25 January 2021 – This paper authored by Indranil Dutta, Ricardo Nogales and Gaston Yalonetzky explores the dangers with endogenous (i.e. data-driven) weights in measuring poverty.
Multidimensional Poverty Indices (MPIs) depend on the weights assigned to the different dimensions and their indicators. A common approach is to use exogenous weights, which are independent of the dataset and reflect some reasoned value judgements of the society, the analyst or the policymaker. In contrast, this paper focuses on a growing body of literature which relies on the alternative of endogenous (data-driven) weights, which are determined entirely by the dataset, as a way to derive the importance of the different indicators in the composite measure of deprivation.

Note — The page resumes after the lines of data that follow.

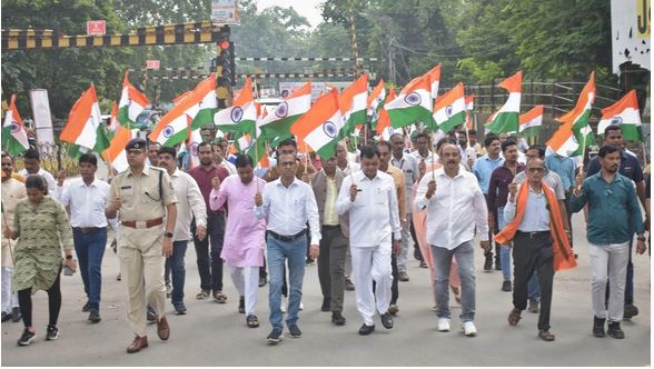 रायपुर। हर घर तिरंगा अभियान के तहत कोरबा जिले में देशभक्ति से प्रेरित विभिन्न गतिविधियों का आयोजन किया जा रहा है। इसी कड़ी में सोमवार को वाणिज्य उद्योग व श्रम मंत्री लखन लाल देवांगन की उपस्थिति में कोरबा नगरीय क्षेत्र के घण्टाघर में तिरंगा यात्रा का आयोजन किया गया। उद्योग मंत्री देवांगन ने तिरंगा यात्रा को हरी झंडी दिखाकर रवाना किया। यह रैली घंटाघर स्थित ओपन थियेटर मैदान से प्रारम्भ होकर शहर के प्रमुख चौक चौराहों से होते हुए सीएसईबी चौक स्थित एसईसीएल फुटबॉल ग्राउंड में समाप्त हुई।
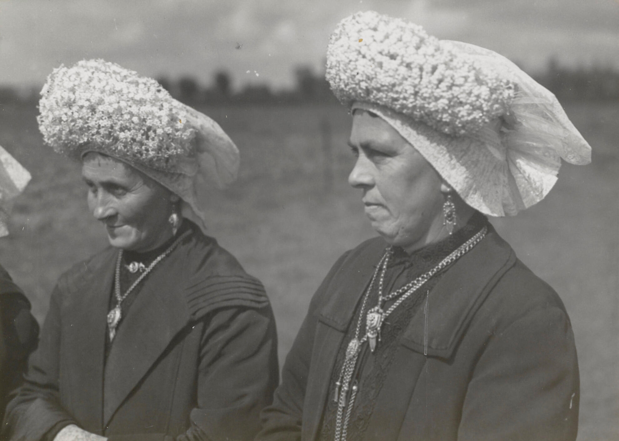 Vrouwen in dracht uit Roosendaal, 1930 (zwart-wit foto)
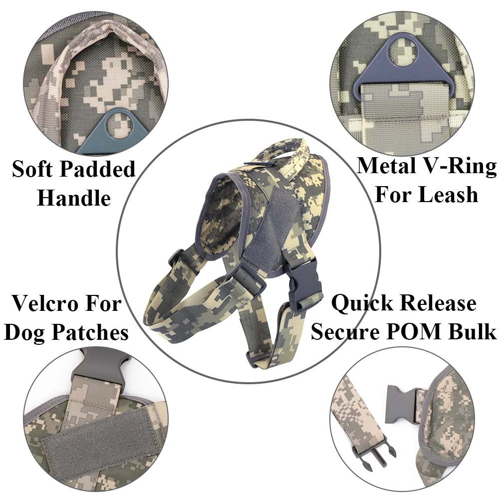 Дизайн ручки. Верхняя часть тактического жилета для собак имеет v-образную пряжку и ручку, прикрепленную к собачьему поясу, чтобы облегчить лучший контроль и обучить вашу собаку ходить рядом с вами.
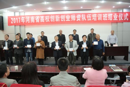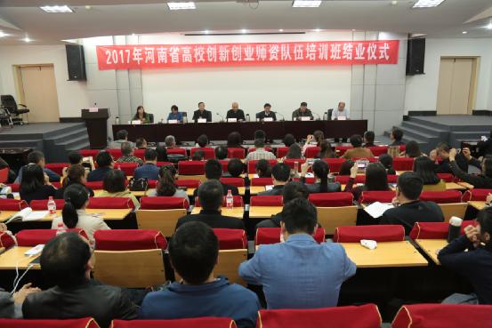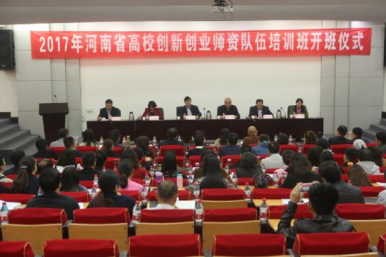 10月14-18日,2017年河南省高校创新创业师资队伍培训班在黄河科技学院成功举办。省教育厅副巡视员李金川,黄河科技学院党委书记李森、党委副书记赵会利,省教育厅学生处处长王继东,省教育厅学生处副处长李玉伟,河南财政金融学院职业指导教研部主任刘筠等出席开班仪式,全省129所高校的创新创业指导课程专兼职教师参与此次培训。开班仪式由省教育厅学生处处长王继东主持。
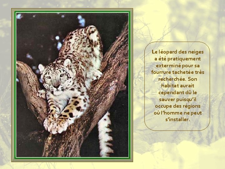 Le léopard des neiges a été pratiquement exterminé pour sa fourrure tachetée très recherchée. Son habitat aurait cependant dû le sauver puisqu’il occupe des régions où l’homme ne peut s’installer.
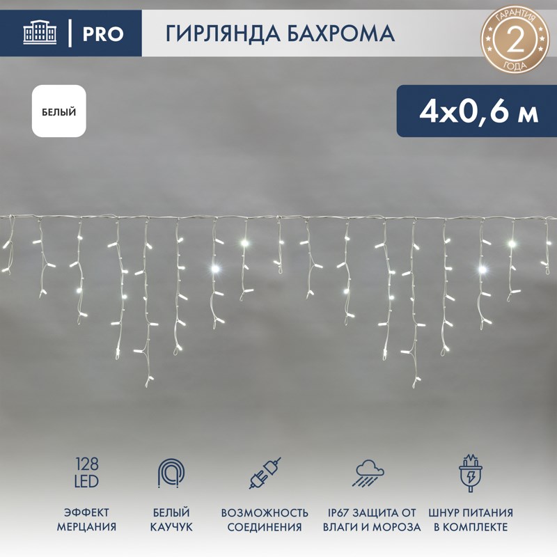 NEON-NIGHT Гирлянда «Айсикл» («Бахрома») светодиодная 4,0х0,6 м, с эффектом мерцания, белый провод каучук, 230 В, диоды белые 255-355

This paper demonstrates how a broad and popular class of endogenous weights violates key properties of MPIs. These properties are monotonicity, where the overall poverty experience of a society cannot improve if the poverty experience of any of its members worsens in any indicator. Endogenous weights can also violate subgroup consistency, which is where changes in the overall poverty of a society should coherently reflect changes in poverty in a group of its members. The paper provides analytical proofs for the existence of these violations, and explains why and when they can occur. Using real-life data from Ecuador and Uganda, it also shows that they can be ubiquitous in practice.
The OPHI Working Paper series covers research into innovations in multidimensional poverty measurement and makes new academic research by OPHI researchers publicly available prior to their publication.